VISReg is the Variance-Invariance-Sketching Regularization method introduced by VISReg: Variance-Invariance-Sketching Regularization for JEPA training. It is a visual self-supervised learning regularizer that keeps the LeJEPA/SIGReg goal of matching embeddings to an isotropic Gaussian-like distribution, but decouples regularization into variance/scale, Sliced-Wasserstein shape matching, and center losses.

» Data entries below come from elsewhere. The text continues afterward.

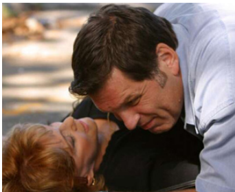
1994 CROSSING GUARD (The Crossing Guard) de Sean Penn avec Richard Bradford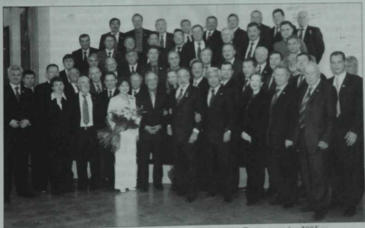
Россия Федерациясе Дәүләт Думасы депутатылары Татарстанда. 2005 ел.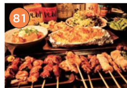
西区エリア一居酒屋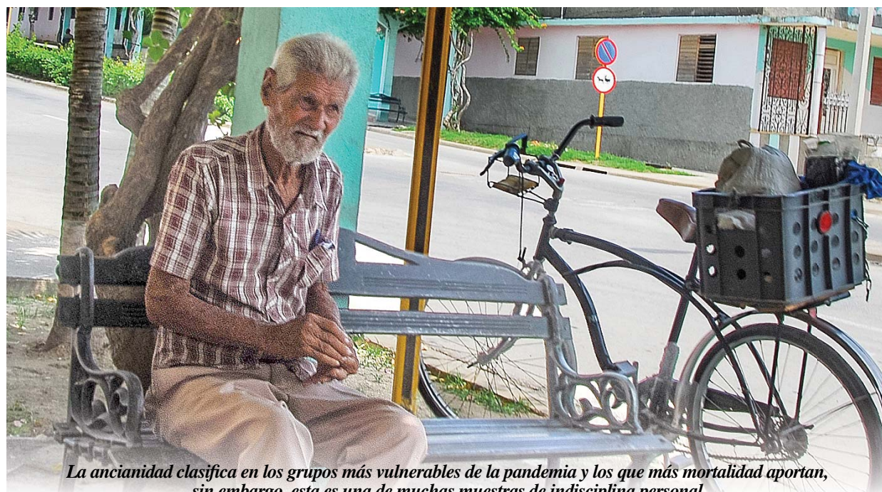
La ancianidad clasifica en los grupos más vulnerables de la pandemia y los que más mortalidad aportan, sin embargo, esta es una de muchas muestras de indisciplinación personal.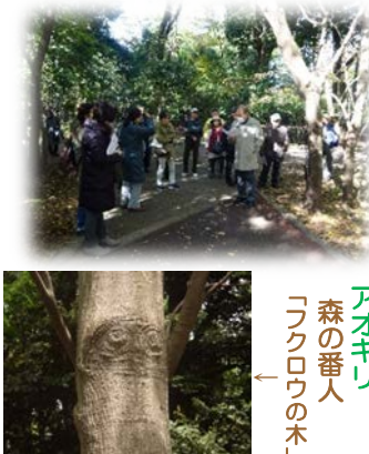
アオキリ 森の番人 「フクロウの木」

11月30日(土)、中野で一番大きい江古田の森公園で開催しました。参加者のアンケートでは、「江古田の森の深さがわかり、より愛着がわきました」など身近な公園を知ることなど新しい発見が生まれました。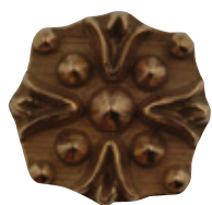
2198.090.009 Stempelhode for embossing, «Stylized Tulips»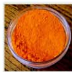
GIALLO ARANCIO 83/O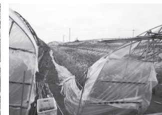
ビニールハウスの倒壊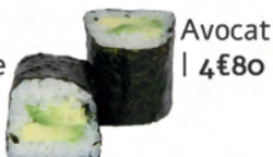
Avocat | 4€80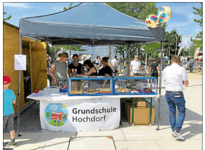
Pavillon auf dem Marktplatzzfest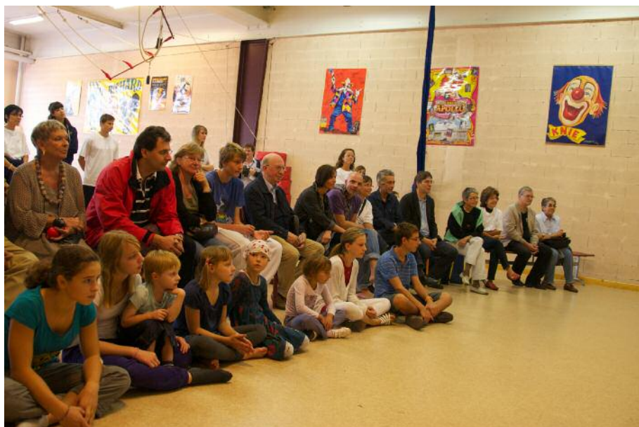
Le spectacle des échelles a l'air captivant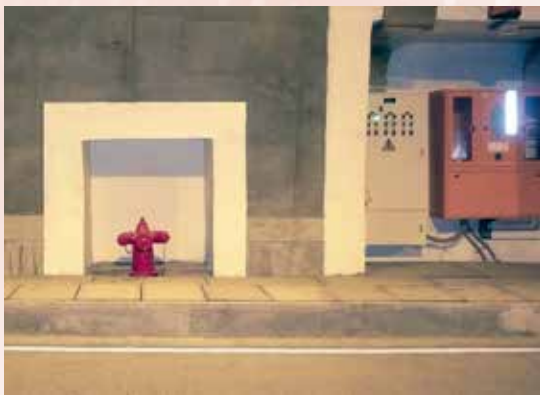
Instalación actual Túnel de Sumapaz en la vía Bogotá-Girardot

The method matters to this wiki because it is a current pressure test of the SIGReg branch used by LeNEPA: VISReg argues that SIGReg-type regularization can scale, while also claiming that vanilla SIGReg has weak gradients when embeddings have already collapsed.

Method Contract

  • Input surface: augmented image views in a visual SSL recipe.
  • Backbones: released ViT-B/16 and ViT-L/14 checkpoints; the paper also analyzes smaller ImageNette stress tests.
  • Objective family: LeJEPA-style multi-view invariance/prediction plus explicit embedding regularization.
  • Regularizer: scale/variance loss, Sliced-Wasserstein shape loss over random 1D projections, and center loss.
  • Target distribution: isotropic Gaussian-like embedding geometry, inherited from the LeJEPA/SIGReg line but implemented through quantile-matching slices.
  • Evidence: collapse-gradient simulation, low-quality-data stress tests, ImageNet-1K and ImageNet-22K pretraining, OOD image classification, transfer learning, segmentation, and generation guidance.
  • Boundary: no numeric time-series, event-stream, action, control-input, intervention, or counterfactual rollout evidence.

Official Artifacts

The repository and Hugging Face model card list ViT-B/16 and ViT-L/14 ImageNet-1K checkpoints and state CC BY-NC 4.0 terms for code and pretrained weights.

Relation To LeNEPA

VISReg should be tracked as a possible next regularizer variant for LeNEPA experiments, not as direct time-series evidence.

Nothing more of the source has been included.